[What the task requires]: Could the records be returned exactly, with the pictures left out?

[Records supplied]:
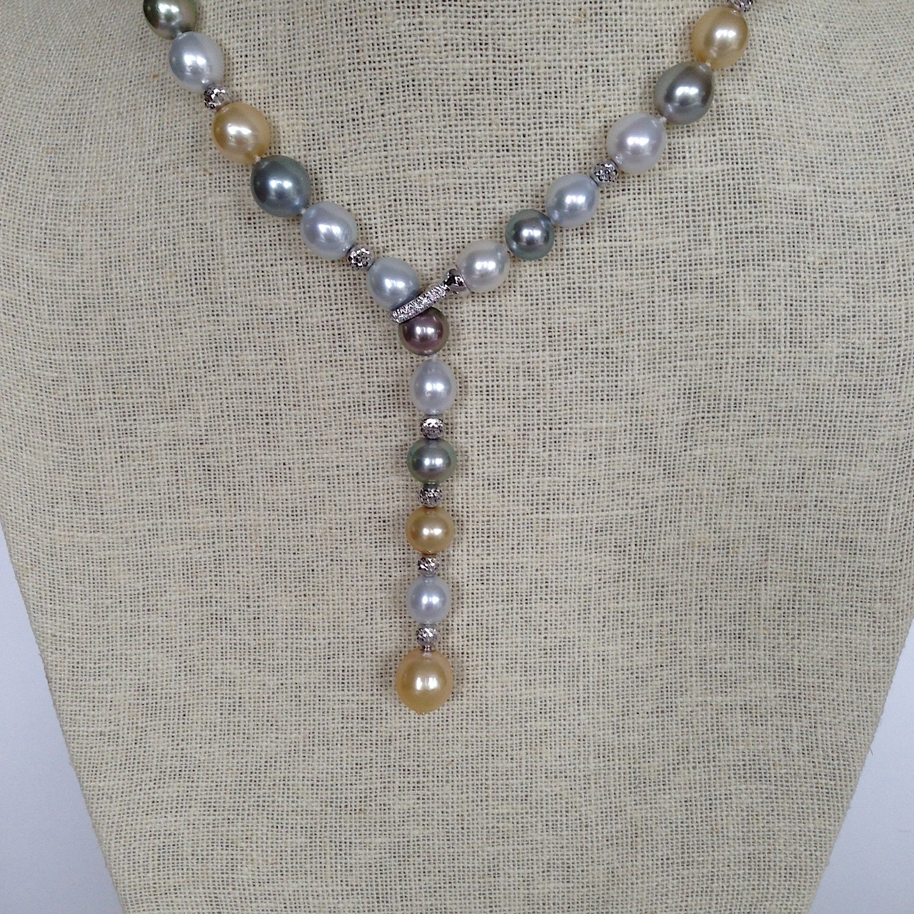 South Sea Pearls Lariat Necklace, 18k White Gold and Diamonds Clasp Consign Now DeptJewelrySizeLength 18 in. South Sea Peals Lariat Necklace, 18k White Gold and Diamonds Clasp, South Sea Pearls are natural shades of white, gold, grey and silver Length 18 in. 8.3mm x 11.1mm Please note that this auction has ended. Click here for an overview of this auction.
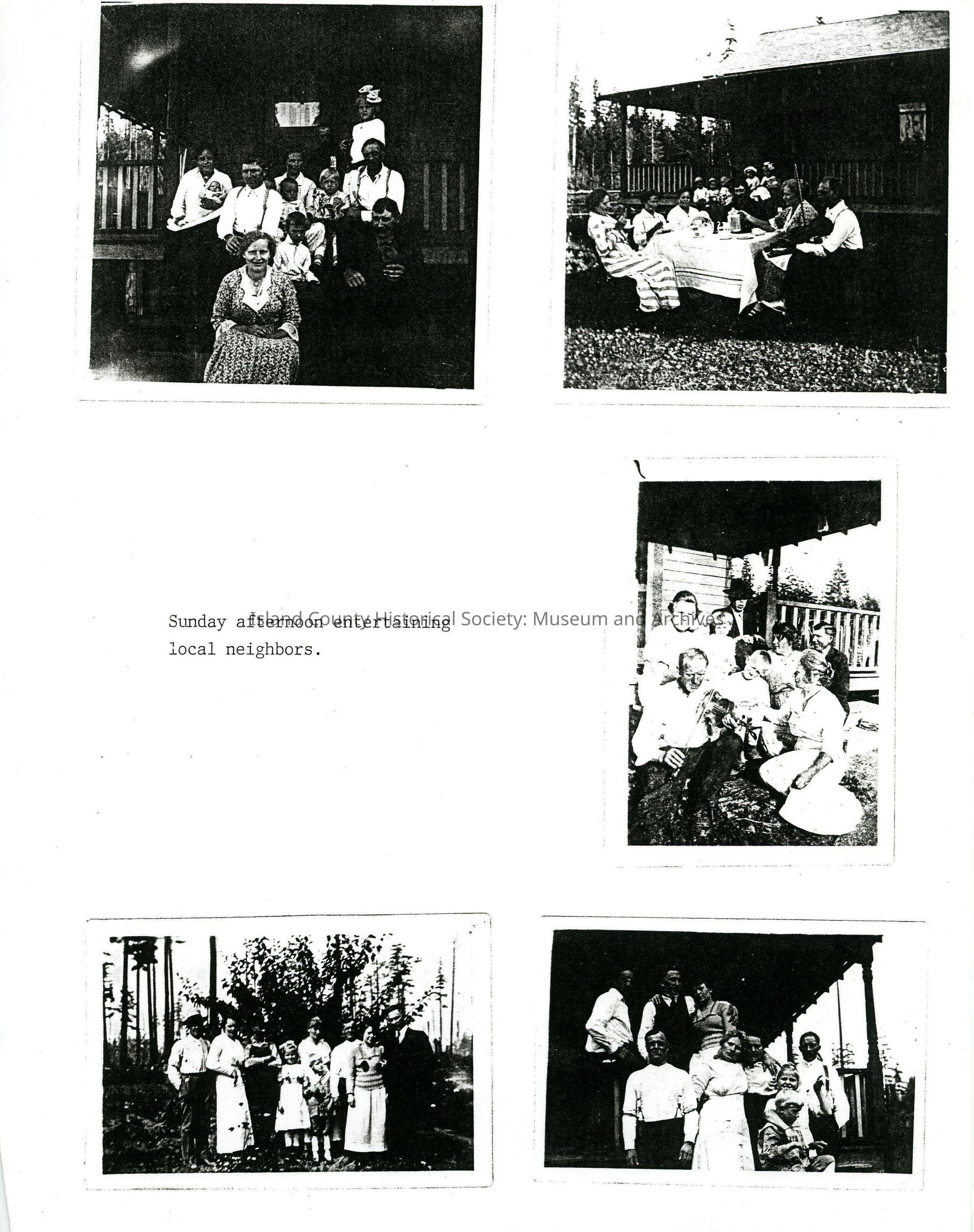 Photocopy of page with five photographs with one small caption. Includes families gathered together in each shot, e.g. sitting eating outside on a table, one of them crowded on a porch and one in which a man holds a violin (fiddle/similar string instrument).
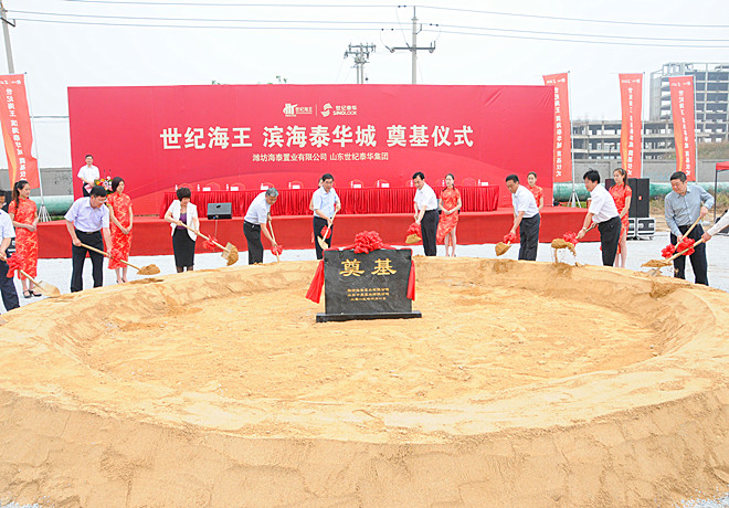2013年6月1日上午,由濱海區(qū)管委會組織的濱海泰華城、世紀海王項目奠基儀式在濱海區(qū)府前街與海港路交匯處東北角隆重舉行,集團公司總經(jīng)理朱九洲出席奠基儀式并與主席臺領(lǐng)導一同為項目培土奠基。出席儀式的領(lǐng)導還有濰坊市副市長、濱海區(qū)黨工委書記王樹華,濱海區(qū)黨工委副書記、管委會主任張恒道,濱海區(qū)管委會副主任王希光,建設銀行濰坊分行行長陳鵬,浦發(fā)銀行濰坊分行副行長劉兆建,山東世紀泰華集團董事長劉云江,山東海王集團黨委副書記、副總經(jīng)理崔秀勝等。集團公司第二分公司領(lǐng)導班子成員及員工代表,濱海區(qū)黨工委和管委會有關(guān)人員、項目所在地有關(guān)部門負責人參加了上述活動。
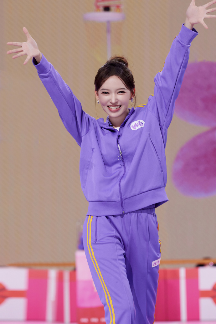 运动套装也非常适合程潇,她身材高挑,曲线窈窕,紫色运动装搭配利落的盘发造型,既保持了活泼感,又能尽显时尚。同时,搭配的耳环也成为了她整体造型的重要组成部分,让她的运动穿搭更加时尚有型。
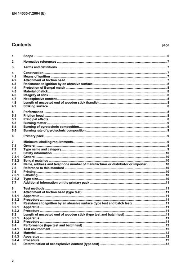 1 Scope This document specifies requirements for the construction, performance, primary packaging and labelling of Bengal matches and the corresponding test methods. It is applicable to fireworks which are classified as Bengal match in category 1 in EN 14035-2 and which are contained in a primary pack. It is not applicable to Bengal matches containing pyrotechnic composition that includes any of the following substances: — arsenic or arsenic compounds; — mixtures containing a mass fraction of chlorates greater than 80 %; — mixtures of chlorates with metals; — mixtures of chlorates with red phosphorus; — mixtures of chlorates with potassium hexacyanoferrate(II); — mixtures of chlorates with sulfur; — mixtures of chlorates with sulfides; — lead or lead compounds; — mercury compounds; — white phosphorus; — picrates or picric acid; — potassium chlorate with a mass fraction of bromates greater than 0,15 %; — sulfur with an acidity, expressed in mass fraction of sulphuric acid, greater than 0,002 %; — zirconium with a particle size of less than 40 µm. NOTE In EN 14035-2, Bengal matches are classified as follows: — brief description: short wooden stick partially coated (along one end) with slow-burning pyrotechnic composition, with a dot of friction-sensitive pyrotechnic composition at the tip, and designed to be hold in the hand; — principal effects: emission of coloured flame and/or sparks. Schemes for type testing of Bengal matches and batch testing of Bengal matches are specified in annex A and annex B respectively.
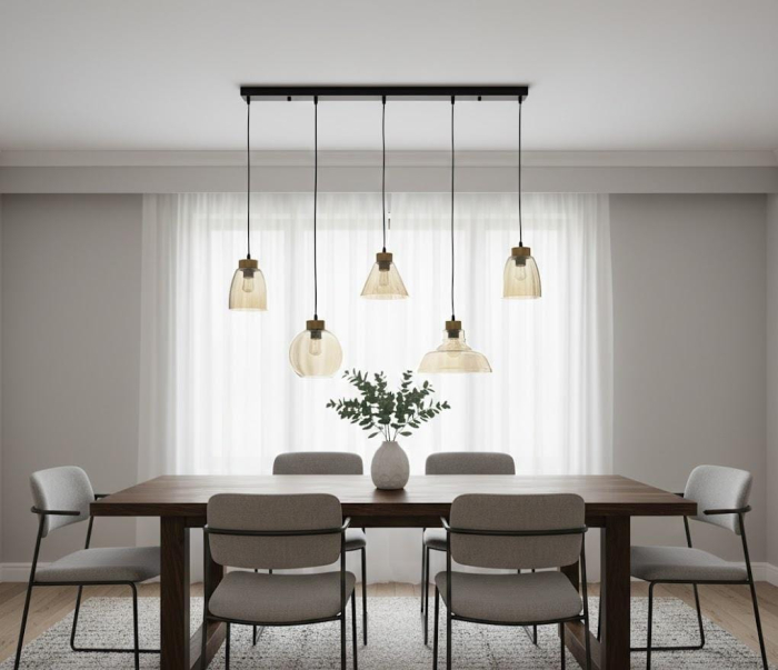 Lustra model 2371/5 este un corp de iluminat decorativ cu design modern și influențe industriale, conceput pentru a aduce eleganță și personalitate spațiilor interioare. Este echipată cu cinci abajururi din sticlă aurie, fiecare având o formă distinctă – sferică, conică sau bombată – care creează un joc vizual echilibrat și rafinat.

[Problem solution]:
 South Sea Pearls Lariat Necklace, 18k White Gold and Diamonds Clasp Consign Now DeptJewelrySizeLength 18 in. South Sea Peals Lariat Necklace, 18k White Gold and Diamonds Clasp, South Sea Pearls are natural shades of white, gold, grey and silver Length 18 in. 8.3mm x 11.1mm Please note that this auction has ended. Click here for an overview of this auction.
 Photocopy of page with five photographs with one small caption. Includes families gathered together in each shot, e.g. sitting eating outside on a table, one of them crowded on a porch and one in which a man holds a violin (fiddle/similar string instrument).
2013年6月1日上午,由濱海區(qū)管委會組織的濱海泰華城、世紀海王項目奠基儀式在濱海區(qū)府前街與海港路交匯處東北角隆重舉行,集團公司總經(jīng)理朱九洲出席奠基儀式并與主席臺領(lǐng)導一同為項目培土奠基。出席儀式的領(lǐng)導還有濰坊市副市長、濱海區(qū)黨工委書記王樹華,濱海區(qū)黨工委副書記、管委會主任張恒道,濱海區(qū)管委會副主任王希光,建設銀行濰坊分行行長陳鵬,浦發(fā)銀行濰坊分行副行長劉兆建,山東世紀泰華集團董事長劉云江,山東海王集團黨委副書記、副總經(jīng)理崔秀勝等。集團公司第二分公司領(lǐng)導班子成員及員工代表,濱海區(qū)黨工委和管委會有關(guān)人員、項目所在地有關(guān)部門負責人參加了上述活動。
 运动套装也非常适合程潇,她身材高挑,曲线窈窕,紫色运动装搭配利落的盘发造型,既保持了活泼感,又能尽显时尚。同时,搭配的耳环也成为了她整体造型的重要组成部分,让她的运动穿搭更加时尚有型。
 1 Scope This document specifies requirements for the construction, performance, primary packaging and labelling of Bengal matches and the corresponding test methods. It is applicable to fireworks which are classified as Bengal match in category 1 in EN 14035-2 and which are contained in a primary pack. It is not applicable to Bengal matches containing pyrotechnic composition that includes any of the following substances: — arsenic or arsenic compounds; — mixtures containing a mass fraction of chlorates greater than 80 %; — mixtures of chlorates with metals; — mixtures of chlorates with red phosphorus; — mixtures of chlorates with potassium hexacyanoferrate(II); — mixtures of chlorates with sulfur; — mixtures of chlorates with sulfides; — lead or lead compounds; — mercury compounds; — white phosphorus; — picrates or picric acid; — potassium chlorate with a mass fraction of bromates greater than 0,15 %; — sulfur with an acidity, expressed in mass fraction of sulphuric acid, greater than 0,002 %; — zirconium with a particle size of less than 40 µm. NOTE In EN 14035-2, Bengal matches are classified as follows: — brief description: short wooden stick partially coated (along one end) with slow-burning pyrotechnic composition, with a dot of friction-sensitive pyrotechnic composition at the tip, and designed to be hold in the hand; — principal effects: emission of coloured flame and/or sparks. Schemes for type testing of Bengal matches and batch testing of Bengal matches are specified in annex A and annex B respectively.
 Lustra model 2371/5 este un corp de iluminat decorativ cu design modern și influențe industriale, conceput pentru a aduce eleganță și personalitate spațiilor interioare. Este echipată cu cinci abajururi din sticlă aurie, fiecare având o formă distinctă – sferică, conică sau bombată – care creează un joc vizual echilibrat și rafinat.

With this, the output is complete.